The night I saw it was the night Mick won J-Bay. I was watching the WSL corporate contest thing and all the scores, which I don’t usually watch, but I got sucked into it that night. Just before the final I went and watched the movie and it was such a drastic contrast to the surf media world. Here was this underground guy premiering his own movie to a small theatre and telling his side of the surf history.
I knew of Dale Egan from when I lived on the northern beaches. I bumped into him surfing Alley Rights one day at Narrabeen when I was riding a single fin. He was like, you like old boards? I’ve got a warehouse in Warriewood with heaps of that stuff and I’m getting rid of it. He was riding this thruster with foils down his fins which were just little nubs. I was like, this guy is trippy. He ripped too, like Wayne Lynch mixed with Derek Hynd or something. So we went back to his warehouse where he was living and it was this full surf cave with crazy memorabilia, old MP (Michael Peterson) boards stashed under his bed, art deco furniture, just this full treasure cave. I bought a jumper, sunnies, and some other stuff off him from memory.

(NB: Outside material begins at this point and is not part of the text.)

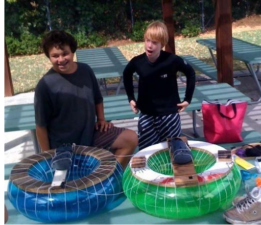
Engineers: The boys built the floating shoes from swim rings, crocs, boards and twine

I went and saw the movie, and I hadn’t seen him for seven or eight years, and he was like, ‘Ellis, how are ya mate?’ Straight up. And the film is rad. It was like a condensed version of his life in 35 minutes. It would’ve been a really hard thing to put together but he’s such a collector of old footage and magazine clippings from when he was a surfer, when he was a furniture collector, when he was in the Sydney underground punk movement. He had all this memorabilia which made a really good foundation for movie.
He was continually making something from nothing. He had a bunch of bad luck but he’d go out and be true to what he was about, which was recycling or being an artist and he just kept coming up and thinking of creative ways to keep pushing and living outside the box. It was inspiring for anyone out living on the fringe or trying to do something on their own. He was that guy living it, going from rags to riches, literally living that life. It was sick.
He also absolutely ripped. After he went a little bit stale on regular surfing he started to foil his fins down. Derek Hynd talks about it as being a big inspiration on him fully taking the fins out of his board. They were living in the same area, surfing Newport, and while he didn’t fully take his fins out he was one of the earliest pioneers of modern day friction-free surfing.
Someone yelled out in the Q&A afterwards: What’s the most expensive thing you’ve found? He told him he’d found 400 historical photographs that sold for $20k once. He also found some chair in Palmy someone threw out of a mansion in the 80’s that was worth $10k. He made all these wicked finds because he had a keen eye for furniture and a good general knowledge of society. He could just find these gems that propelled his life along – $20k here, $10k there, 5 bucks here – just enough to keep him going. The most interesting part of the film was watching him ride the wave of his financial situation and keep living his lifestyle.